Scenery pictures are great .45, but I'm not too excited about looking at the butt end of a sheep :roll: :wink:


----------



## .45 (Sep 21, 2007)

The Naturalist said:


> Scenery pictures are great .45, but I'm not too excited about looking at the butt end of a sheep :roll: :wink:


Funny....five of them were in the road as we pulled up on them. Everyone of them turned their heads back toward us, squatted and urinated. Marking their territory or showing their disapproval for us, I don't know. Kind of weird though.


----------



## wyogoob (Sep 7, 2007)

I love winter .45.

In Evingston we have 9 months of winter and 3 months of company.


----------



## katorade (Sep 23, 2007)

Me too! I want to see some of this









And This


----------



## JAT83 (Sep 9, 2007)

Nice pics! I love and hate winter!


----------



## bufflehead3 (Jan 5, 2010)

JAT83 said:


> I love and hate winter!


I know what you mean there :lol:


----------



## Moose Hollow (Apr 26, 2008)

.45 said:


> [quote="Moose Hollow":c17tjn8k]Great Pics .45 can wait for the snow for hunting once thats gone can't wait for it to go away..

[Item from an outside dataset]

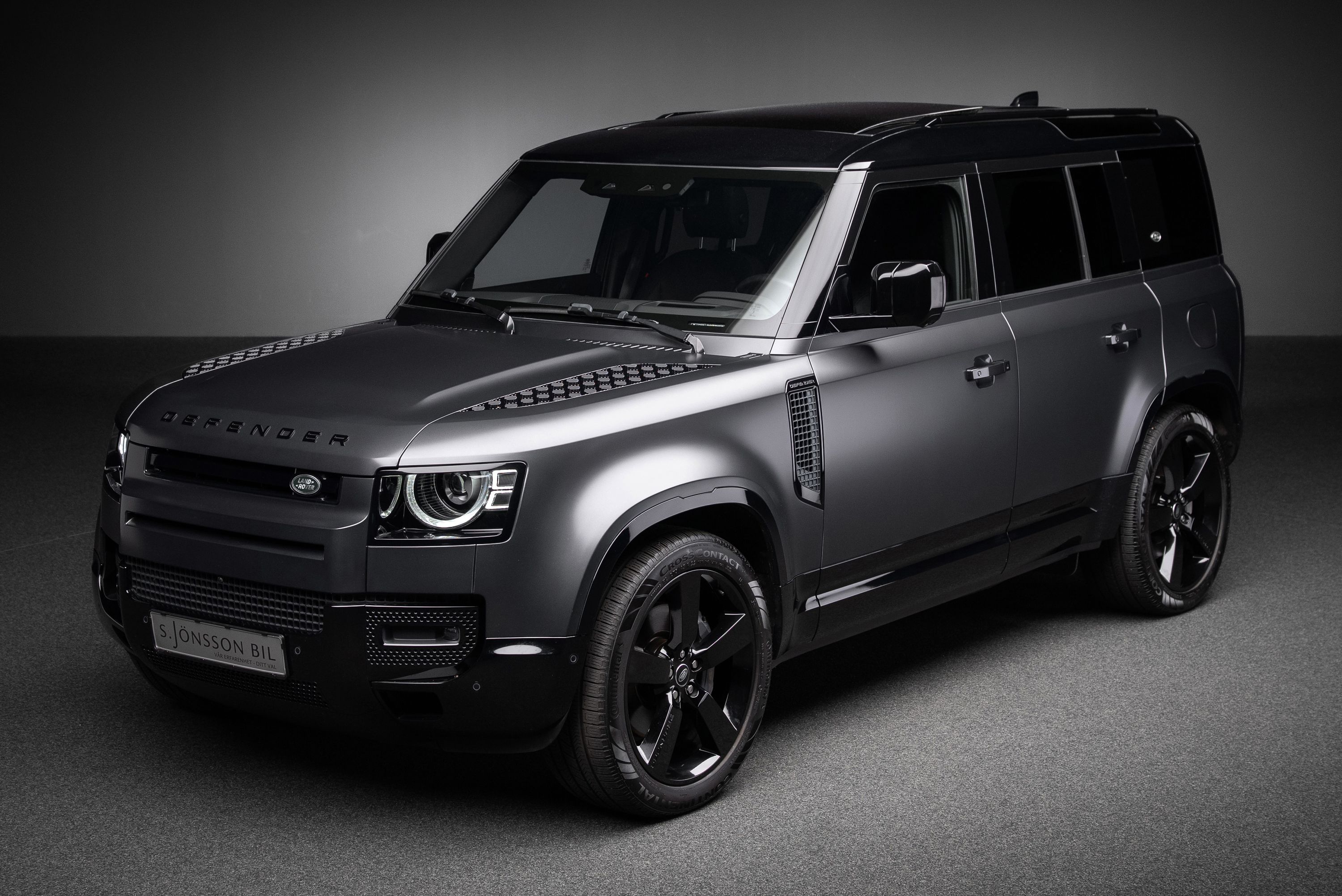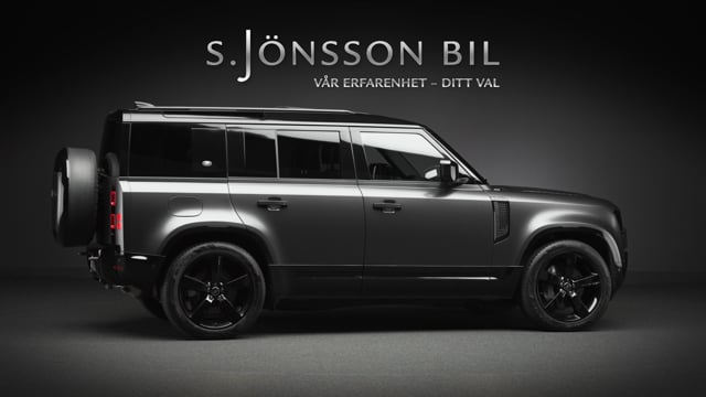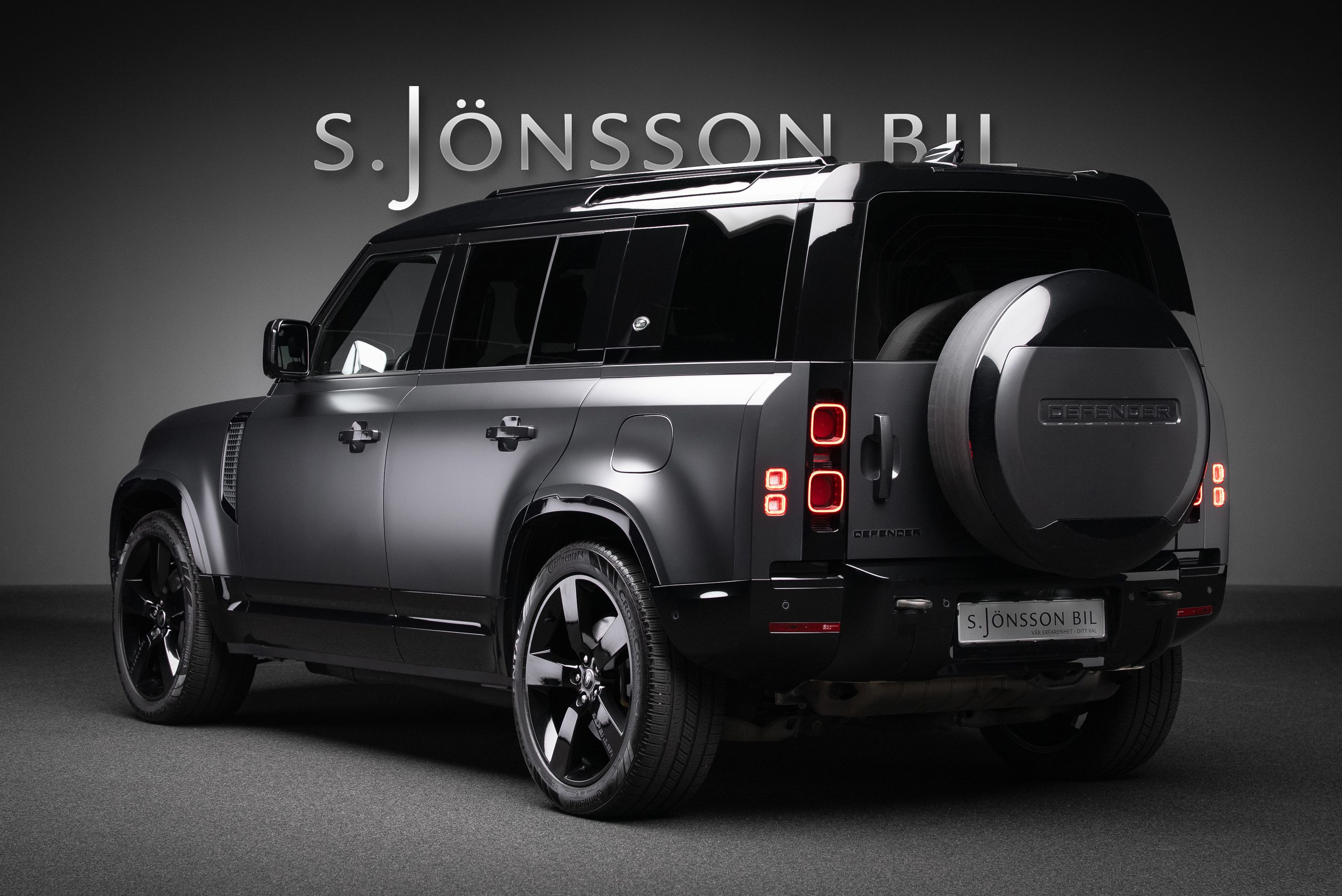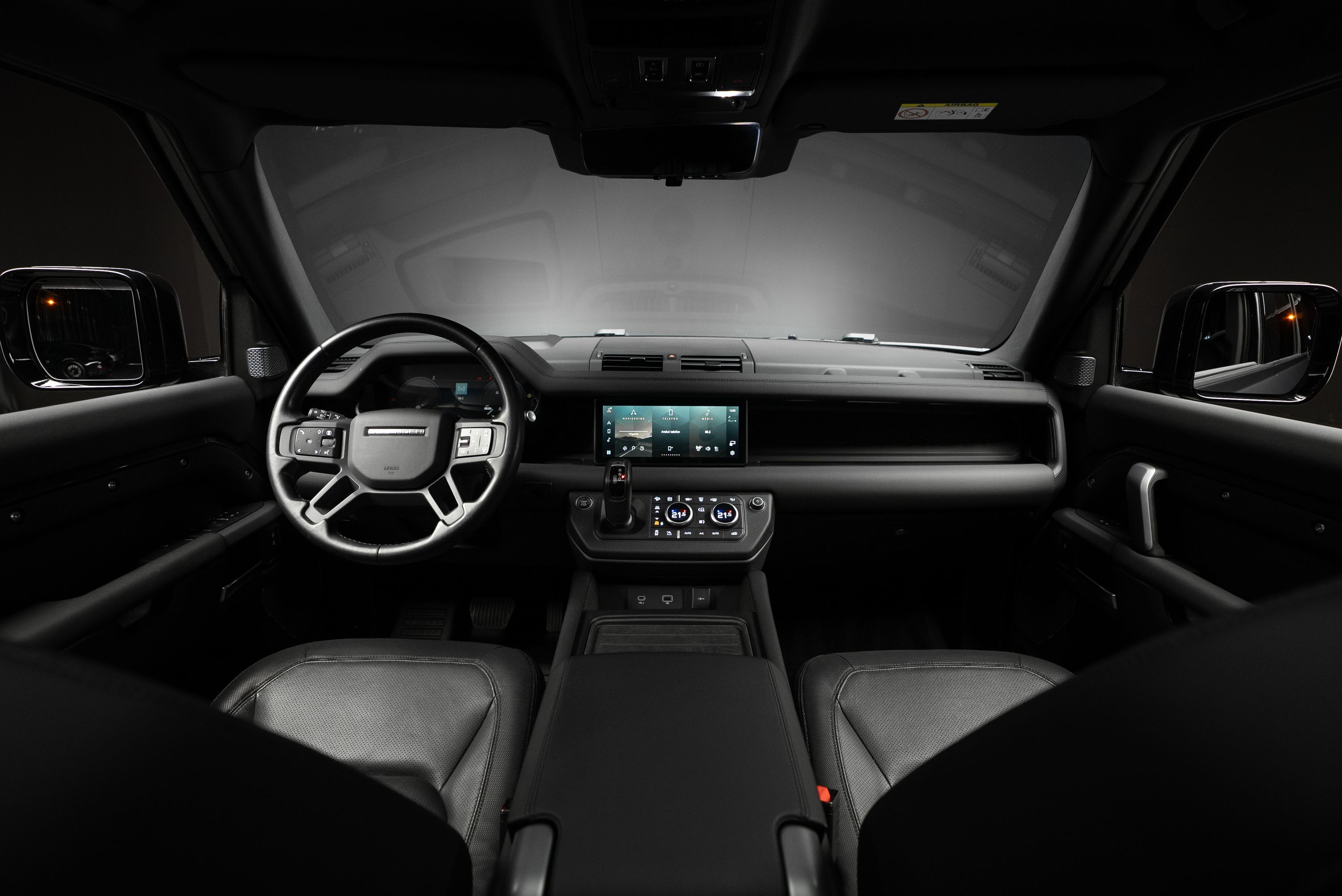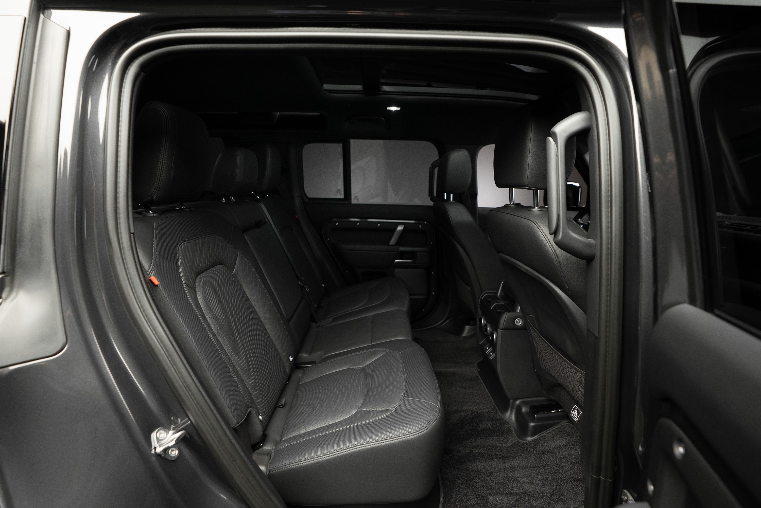 Land Rover Defender 110 P400e laddhybrid, folierad i matt Carpathian Grey från fabrik kombinerat med svart läderinteriör. Under folieringen är bilen Carpathian Grey metallic.

Thanks Moose.....help me keep that sawsman guy from traversing all over _my_ private property... *-HELP!-*

Jeez Al !!!!!! :shock:[/quote:c17tjn8k]

I was hoping to be with him.


----------



## Bhilly81 (Oct 18, 2009)

oh heck no we like the winter the snow and ice is wonderful 

its funny im the one that works outside throughout the entire winter and im the one who loves the winter 

you can dress for the cold but you cant dress for the heat


----------